Cover art by Whitney Sparks

As a black woman of Turtle Island I am asking EVERYONE to STOP speaking of “Decolonization” without explicitly naming and confronting Anti-blackness. Anti-blackness is deeply, unshakably inherent to colonization — as much as land theft, rape, genocide, white supremacy, hierarchy.

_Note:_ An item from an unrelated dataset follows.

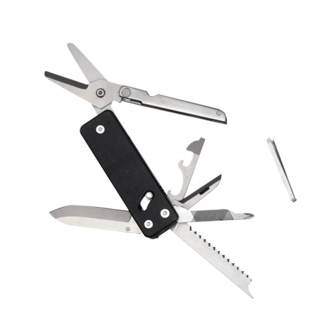 Модель оснащена декількома повноформатними інструментами: ножем та ножицями. Клинок має класичну форму Drop Point і пряме заточування, що робить з нього універсальний інструмент, актуальний для нарізання продуктів харчування, перерізування мотузок та зрізання дрібних гілок. Ножиці мають рукоятки зручної довжини, тому не вислизають із руки і не тиснуть шкіру долоні під час різання паперу, кабелю і навіть таких щільних матеріалів, як гума та вироби зі шкіри.
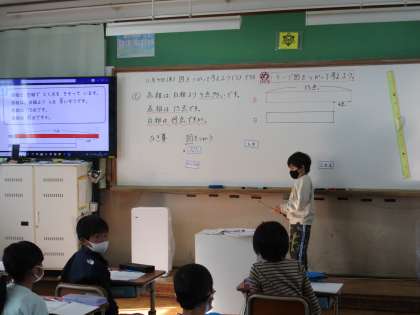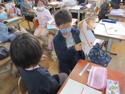 ペアや全体での話し合いも上手になり,図を使いながら説明することができました。

“In a racist society it is not enough to be non-racist — we must be antiracist.” — Angela Davis

What Does it Mean to be Anti-racist?

Collage by Whitney Sparks

Collage by Whitney Sparks

It means taking the following actions:

1. DECOLONIZING ONE’S PERSONAL & HOME LIFE

2. RECOGNIZING ONE’S OWN PRIVILEGE

3. DISRUPTING ANTI-BLACKNESS EVERYWHERE

In action, the praxis of being anti-racist is a lifelong process and unending series of practices, experiments upon oneself, developmental exercises, personal risks, education, labor, exchanges, pauses, etc. The actual steps are as diverse as they are multitudinous. For example, I’d be remiss if I didn’t mention:

4. UNLEARNING THE GENDER BINARY and

5. RESPECTING ( SUPPORTING, LISTENING TO) WOMXN+ / femmes, feminine energies, beings, bodies, words, spaces, practices, and actions.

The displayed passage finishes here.